Das Cap liegt bei 200. Aktuell habe ich 216 Fokus, hierbei spielt es jedoch keine Rolle ob ich nun 200 oder 216 habe, die Miss-Rate der Spells beträgt in beiden Fällen 0. Für Tanks lohnt es sich also auch nicht mehr als 200 Härte zu sammeln da der Schaden der kritischen Treffer nicht weiter reduziert wird. Ab -/+ 38 Härte kannst du als Krieger locker die erste T1 Instanz (Eisengrab) tanken.

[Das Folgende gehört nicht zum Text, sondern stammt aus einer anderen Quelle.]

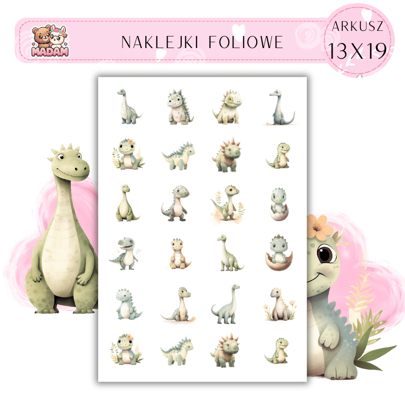 Naklejki Foliowe Bajkowe Dinozaury 13x19, Madam
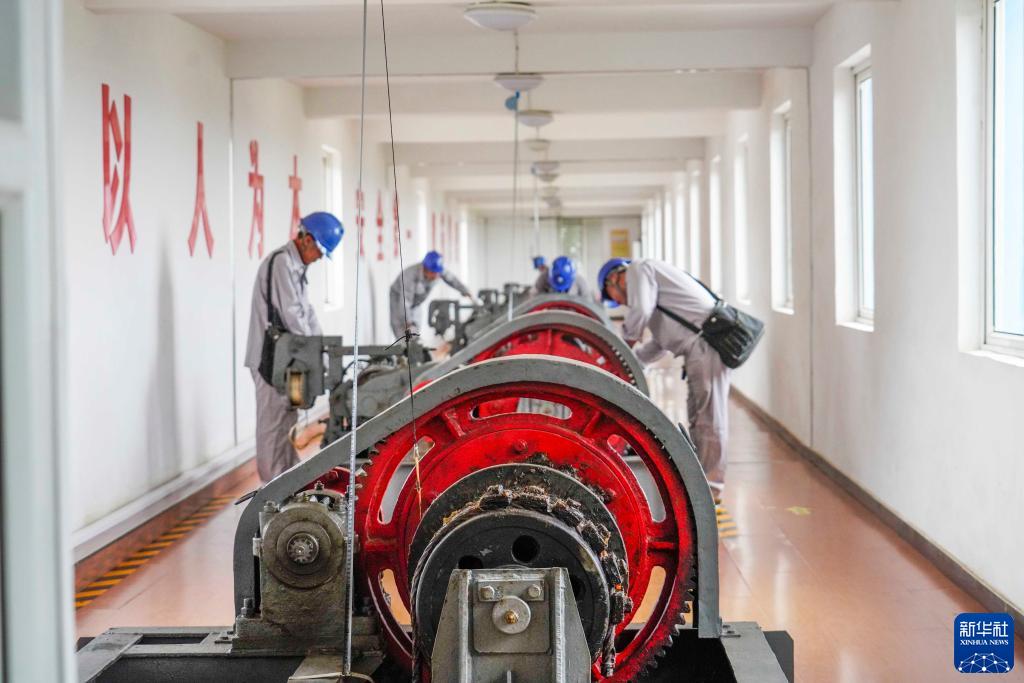7月31日,工作人員在河北省遵化市上關(guān)水庫檢查泄洪閘起重設備。
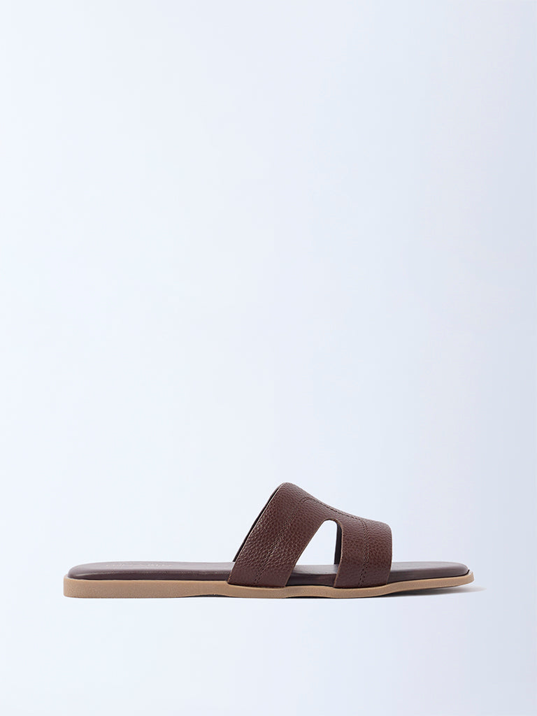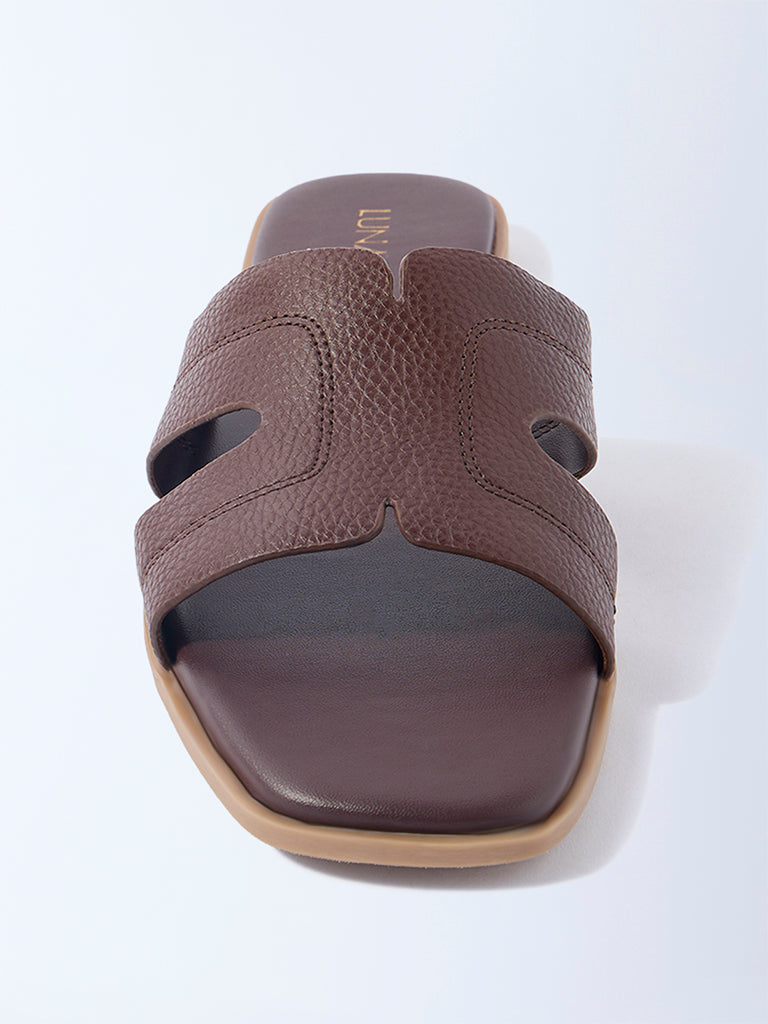 Keep it classic with these dark brown slides from Luna Blu. Designed with a geometric H-strap in a textured finish. they sit on a flat sole with a subtle contrast outsole for modern polish. Minimal yet refined. this versatile pair is perfect for everyday styling through the warmer months.
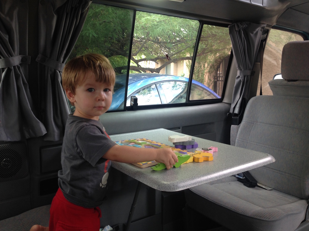 We finally had rain the other day so it was a rather pleasant morning in the desert to be outside. The bus itself provides a great playpen, so I popped the top and my little helper immediately jumped in and took over "driving" and doing a puzzle.
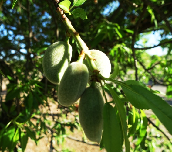 Here are some almonds, it was not long ago that this tree was white with blossoms.
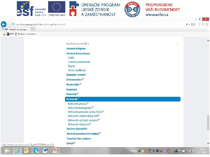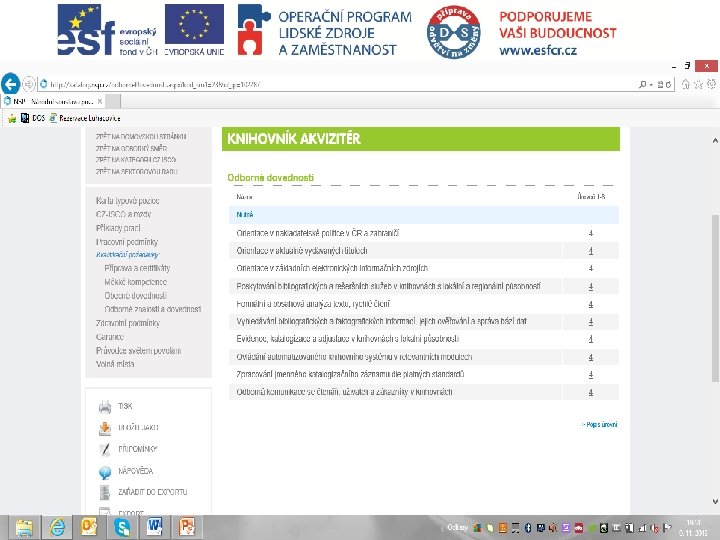 NSK • Schváleno 6 PK pro úroveň 4 (SŠ) • Knihovní akvizitér, Knihovník katalogizátor, Knihovník pracovník správy fondů, Knihovník v přímých službách, Referenční knihovník, Knihovník v knihovně pro děti • MK ČR může spustit proces autorizace
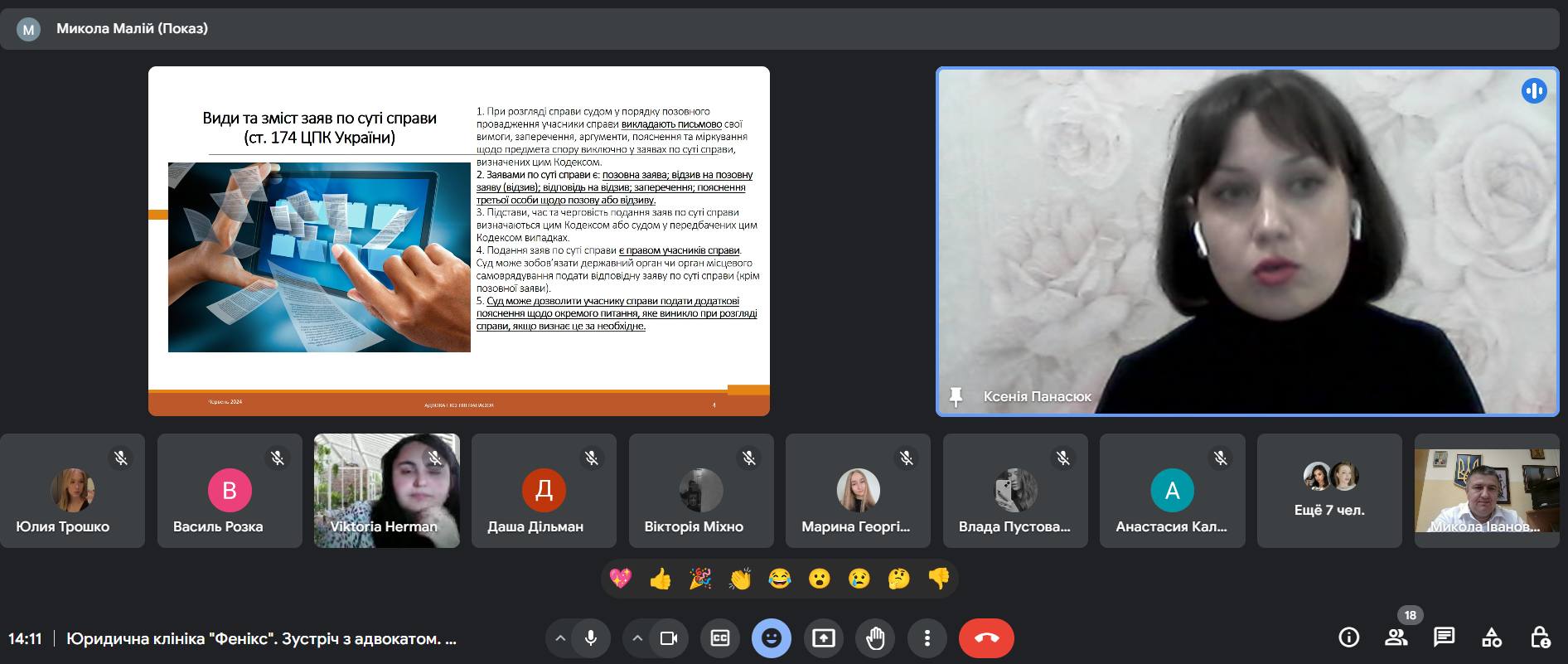 Онлайн-зустріч здобувачів вищої освіти юридичної клініки «Фенікс» КУП НАН України з практикуючою адвокатесою

Hier noch eine Auflistung der Instanzen, sortiert nach deren Schwierigkeitsgrad:

*T1-Expert:*
- Eisengrab
- Kaskade des Ekels
- Königsbresche
- Laternenhaken
- Reich der Feen
*
T2-Expert:*
- Finstere Tiefen
- Runental
- Zauberkessel
- Abgründige Kluft
- Tiefschlag Minen

Wer Raid-Risse in Angriff nehmen möchte sollte mit dem Lebens-Riss beginnen. Das ist mit Abstand das leichteste


----------



## Lari (14. April 2011)

Pente schrieb:


> Nicht ganz korrekt.
> 
> - *T1-Expert-Instanzen* (5er Gruppe): 50+ Härte / 50+ Fokus / 50+ Treffer
> - *Expert-Rifts* (5er Gruppe): 50+ Härte / 50+ Fokus / 50+ Treffer
> ...


Hab ich einen Knoten im Gehirn oder hast du dich vertan? 
Während 50 Härte in T1 "kritimmun" macht und 50 Fokus das Hitcap bedeuten, sind es in der Raidinstanz "nur" 150 Härte für Kritimmunität und 150 Fokus fürs Hitcap? Und du bist 66 Fokus überm Cap? 
Oder gilt in T1 50 Härte für Immunität und 150 Härte im Raid reicht?
Und wieso bist du 66 Fokus überm Cap?  Equip?


----------



## Dakirah (14. April 2011)

Vielen Dank für die Auflistung. Also Eisengrab haben wir schon mit Schurke 0 Härte gemacht und auch schon mein meiner Klerikerin mit 23 Härte. Solche Versuche sollte man aber bitte nur Gildenintern machen. Zumal die 50 Härte einfach zu schaffen sind.


----------



## Pente (14. April 2011)

Lari schrieb:


> Hab ich einen Knoten im Gehirn oder hast du dich vertan?
> Während 50 Härte in T1 "kritimmun" macht und 50 Fokus das Hitcap bedeuten, sind es in der Raidinstanz "nur" 150 Härte für Kritimmunität und 150 Fokus fürs Hitcap? Und du bist 66 Fokus überm Cap?
> Oder gilt in T1 50 Härte für Immunität und 150 Härte im Raid reicht?
> Und wieso bist du 66 Fokus überm Cap?  Equip?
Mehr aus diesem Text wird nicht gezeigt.